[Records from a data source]
○ ○ ○ ○ ○
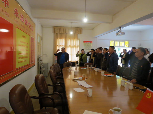 6月28日,老厂分公司马坑机关党支部开展以“牢记使命跟党走,奉献云锡创佳绩”为主题的党员政治生日活动,21名党员怀着激动的心情,面向鲜红的党旗,重温入党誓词,庄严宣誓。
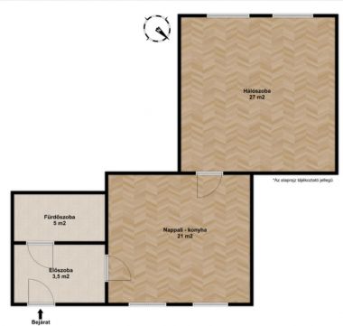 - Nappali-konyha, hálószoba, előszoba, fürdőszoba-wc
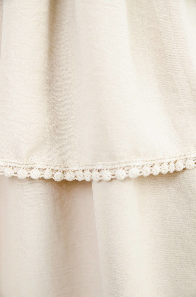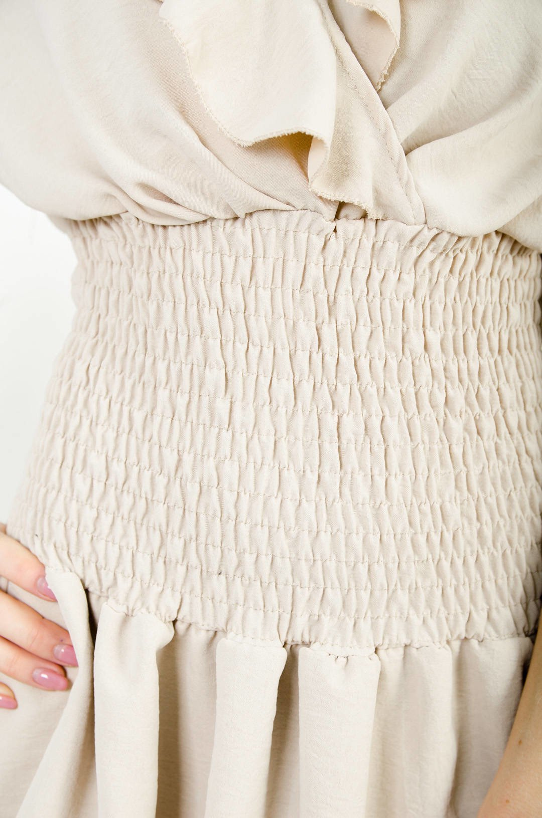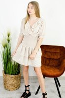 BEŻOWA SUKIENKA Z FALBANAMI I SZEROKIM ŚCIĄGACZEM W PASIE
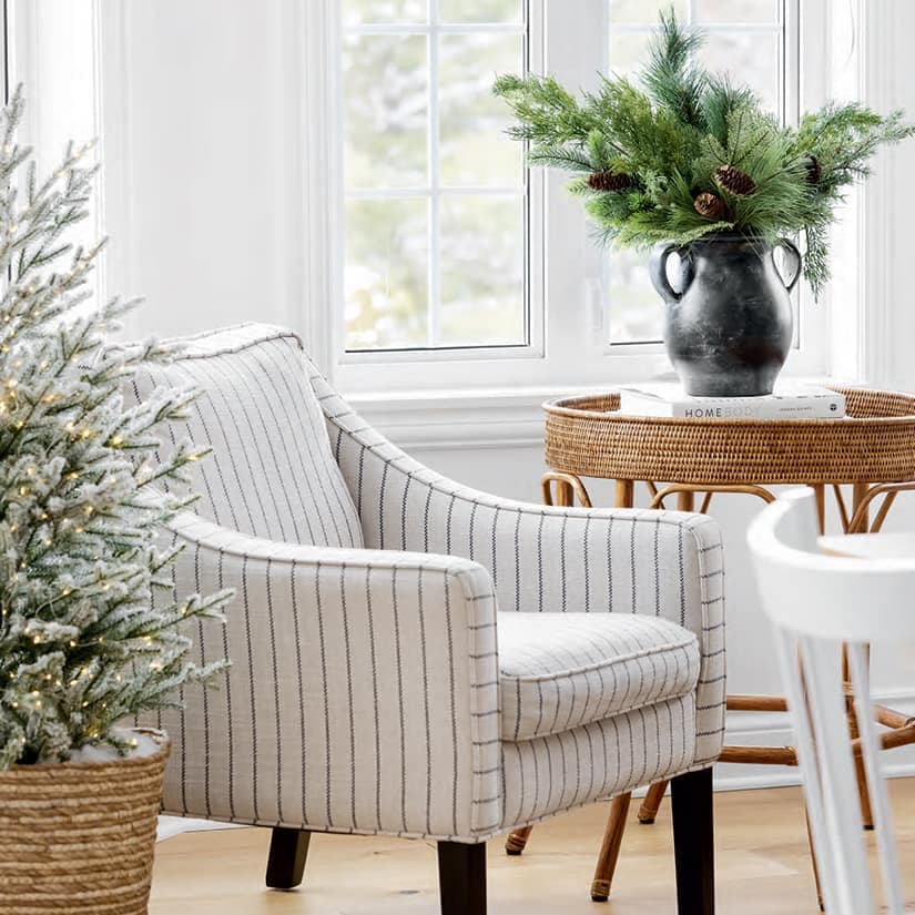 L’an dernier, Julie a demandé à la designer Manon Thibault, qui venait tout juste de réaménager la maison, de lui prêter main-forte pour renouveler ses ornements de Noël et les harmoniser avec le décor. «J’avais trop de décorations, et Manon m’a fait comprendre que moins, c’est mieux. Les ornements au thème hivernal sont désormais plus naturels, faisant une part belle au sapinage, de sorte que je peux en laisser une grande partie en place jusqu’en mars.»
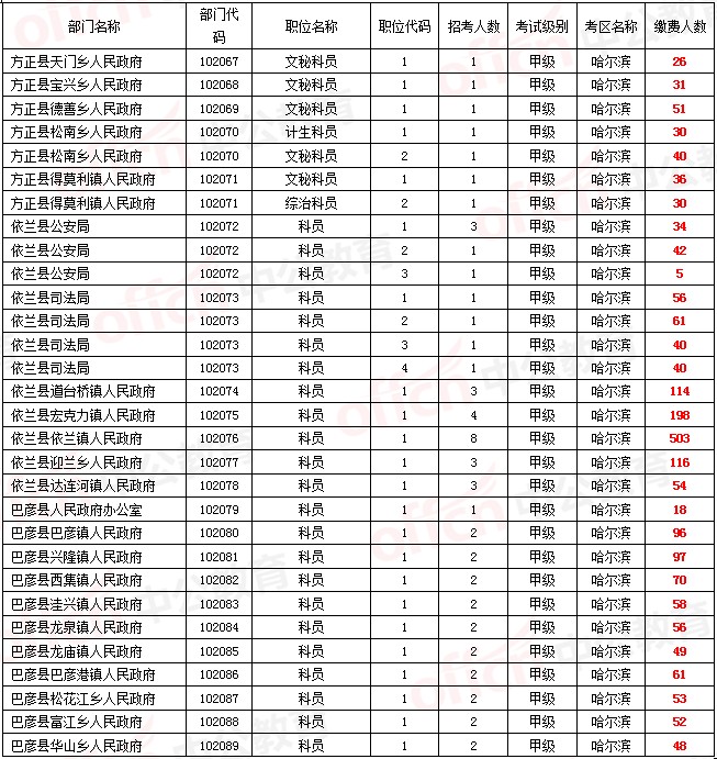 【哈爾濱】2014年黑龍江省公務(wù)員考試?yán)U費(fèi)人數(shù)統(tǒng)計(jì)(5月19日)
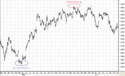 Gambar di atas adalah chart Ibex-35 dalam grafik batang 30 menit, di mana perubahan tren yang terjadi pada 2 Januari 2003, hari bulan purnama, terlihat jelas.
○ ○ ○ ○ ○
The records need to be restated word for word, minus any images.

_FINISHED TASK_:
 6月28日,老厂分公司马坑机关党支部开展以“牢记使命跟党走,奉献云锡创佳绩”为主题的党员政治生日活动,21名党员怀着激动的心情,面向鲜红的党旗,重温入党誓词,庄严宣誓。
 - Nappali-konyha, hálószoba, előszoba, fürdőszoba-wc
 BEŻOWA SUKIENKA Z FALBANAMI I SZEROKIM ŚCIĄGACZEM W PASIE
 L’an dernier, Julie a demandé à la designer Manon Thibault, qui venait tout juste de réaménager la maison, de lui prêter main-forte pour renouveler ses ornements de Noël et les harmoniser avec le décor. «J’avais trop de décorations, et Manon m’a fait comprendre que moins, c’est mieux. Les ornements au thème hivernal sont désormais plus naturels, faisant une part belle au sapinage, de sorte que je peux en laisser une grande partie en place jusqu’en mars.»
 【哈爾濱】2014年黑龍江省公務(wù)員考試?yán)U費(fèi)人數(shù)統(tǒng)計(jì)(5月19日)
 Gambar di atas adalah chart Ibex-35 dalam grafik batang 30 menit, di mana perubahan tren yang terjadi pada 2 Januari 2003, hari bulan purnama, terlihat jelas.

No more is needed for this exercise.